Compared to many other means of transport, sea freight prices are currently by far the cheapest way to ship goods of all kinds around the globe. Of course, it is also probably the slowest option, because compared to airplanes, trains or even trucks, large container ships are often on the road for a lot longer. While the longest passage flights today take around 20 hours and, for example, run from Great Britain to Australia, almost 20,000 km away, large container ships can easily be on the move for several weeks or months.
However, sea freight prices can currently only be predicted precisely if all the important details of a route are known. The supply of shipping lines and containers is also subject to certain fluctuations, so that costs can rise or fall depending on supply and demand. In 2021, following the outbreak of the Corona pandemic, ocean freight has recovered somewhat and is heading towards pre-crisis levels. It is not possible to accurately predict how ocean freight prices will continue to evolve currently and in the future.
Global economic growth, geopolitical security and, of course, possible changes in global supply lines play an important role in current ocean freight prices.
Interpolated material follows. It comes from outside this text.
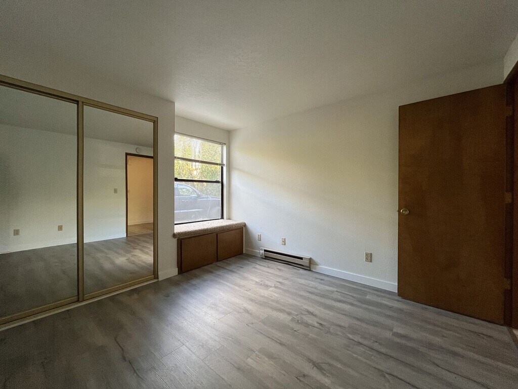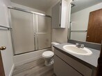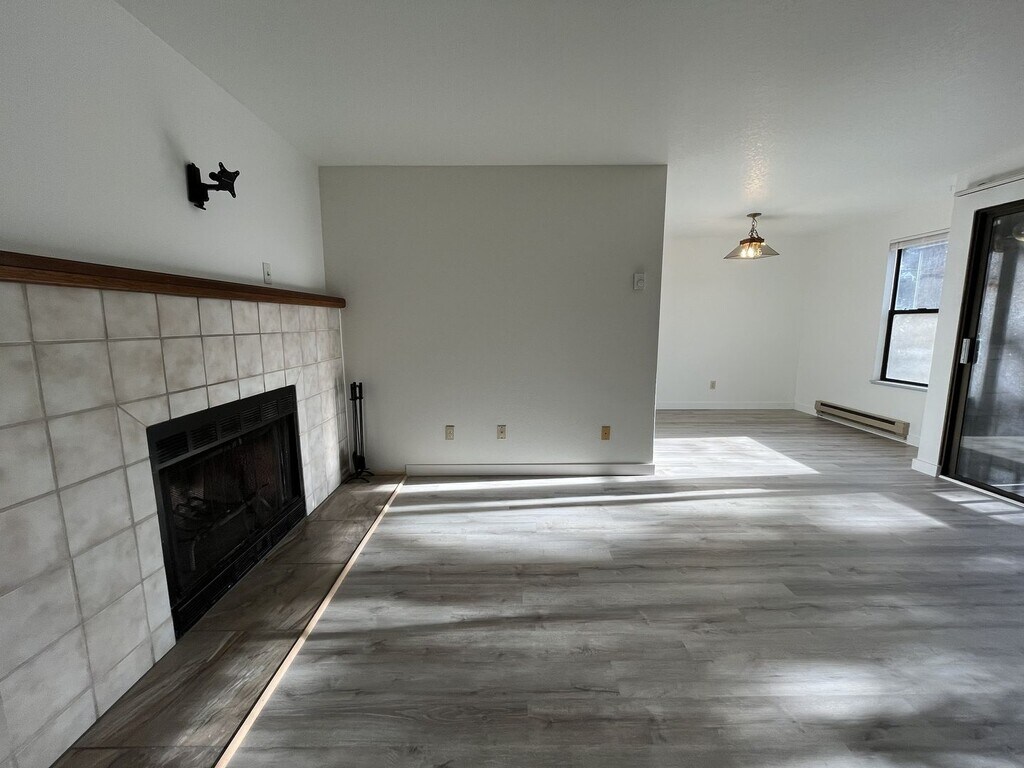 Welcome to this inviting two-bedroom, one-and-a-half-bathroom ground-floor apartment offering 906 square feet of comfortable living space. The home features wood-vinyl flooring throughout, creating a cohesive and modern feel in every room. The kitchen offers efficiency and functionality with a dual-sided layout and a walkway between the two prep areas. One side includes an electric oven, mounted microwave, and spacious refrigerator, while the opposite side features a dishwasher and a single-basin stainless steel sink positioned under a bright window. Cabinets and drawers line both sides, providing ample storage. Just beyond the kitchen is a dedicated dining area with a window that brings in natural light and offers plenty of space for hosting meals and gatherings. The living room is open, comfortable, and flexible, designed to accommodate various furniture layouts. A built-in fireplace serves as a focal point, adding character and warmth to the space. On the opposite side of the home, a conveniently located stackable washer and dryer sit near the main full bathroom. This bathroom includes a single vanity and a tub-shower combo with sliding glass doors for easy use and upkeep. The primary suite is bright and well-designed, featuring a spacious layout with mirrored sliding closet doors, a built-in bench with additional storage, and a large window. An attached half bathroom offers added convenience and privacy. The second bedroom also includes vinyl wood flooring, a mirrored closet door, and a built-in bench for extra seating or storage. Completing this home is a covered patio with additional exterior storage. The patio looks out toward surrounding trees and bushes, offering a peaceful place to relax and enjoy the outdoors. **Open Application Period 12/12/2025** Call or Text Our Leasing Agent to schedule a showing! English Speaking Spanish Speaking YouTube Link: Visit our website to apply and view other homes we have available! Do you need property management services? Maximize your income and cut your costs!

In the next section, we will look at how ocean freight prices currently turn out for large ocean freight shipments (such as relocations or entire container shipments). Here you have the choice between two different container types, regardless of the weight of your cargo.
As you have probably seen a large container ship live on the spot or at least in movies or on TV, you might have noticed the thousands of colorful containers that find a place on such an ocean liner. These come in two standard sizes:
In addition, the 40 ft containers are also available as so-called high cube containers. At 2.9 m, these are somewhat higher than the usual standard containers, which are 2.59 m high. They are particularly suitable for bulky goods, but are of course more expensive.
Depending on their size, the empty weight of steel containers is between 2.5 and 4.3 tons. The maximum payload for a 40-foot container is around 27,500 kg, while a 20-foot container can even be loaded with up to 28,300 kg despite its smaller size. On the one hand, this is due to the lower empty weight, the stable construction and, of course, the load capacity of the loading cranes.
However, the current sea freight prices depend on two factors. For example, it currently plays a role for sea freight prices whether you pay a shipping company for an entire container as a so-called full container load for your own purposes, or whether you secure, for example, space units or pallets via a transport service provider. The latter option is always a little more expensive, but worthwhile, since only rarely can entire containers actually be filled.
The current sea freight prices are initially calculated on the assumption of a transport from “port-to-port”, i.e. from port to port. Further costs such as shipment and collection at the ports as well as handling costs are not yet included here.
Basically, sea freight prices currently consist of the following components:
If the use of a container is carried out proportionally through a logistics company, this component, of course, additionally influences the sea freight prices at present. Possible additional costs, which currently influence the sea freight prices, are handling costs. Especially in ports with little demand, the return of containers is associated with additional charges, while this is rarely the case at larger ports. Finally, it should also be noted that there may be additional costs for renting a container.
If we ask ourselves why sea freight prices are currently rising sharply, two aspects in particular are largely responsible for this. First, the Corona pandemic in early 2020 caused a global economic standstill, and companies, shipping companies, and all other links in the value chain reacted quickly. Manufacturing capacities as well as transport capacities were shut down overnight to avoid potential empty runs and expenses. This is why sea freight prices are currently rising so sharply.
Secondly, sea freight prices are currently rising sharply because the balance between imports and exports between Europe and Asia has suffered as a result of the pandemic. While China had sufficient container capacity before the pandemic, it is now severely limited. The reason for this is that the containers are currently still in large numbers in Europe and must first find their way back to Asia. Despite the limited availability of containers, the purchasing power and willingness to buy is recovering and thus the bottlenecks are being met by high demand. As a result, ocean freight prices are currently particularly high.
How long this increase in sea freight prices will last is, as so often, uncertain. Thus, sea freight prices can currently rise and fall tomorrow. Instead of trying to wait for the right moment, companies should calculate their current sea freight prices in such a way that there is sufficient buffer or that the costs for freight and transport are (at least partially) also borne by the customers.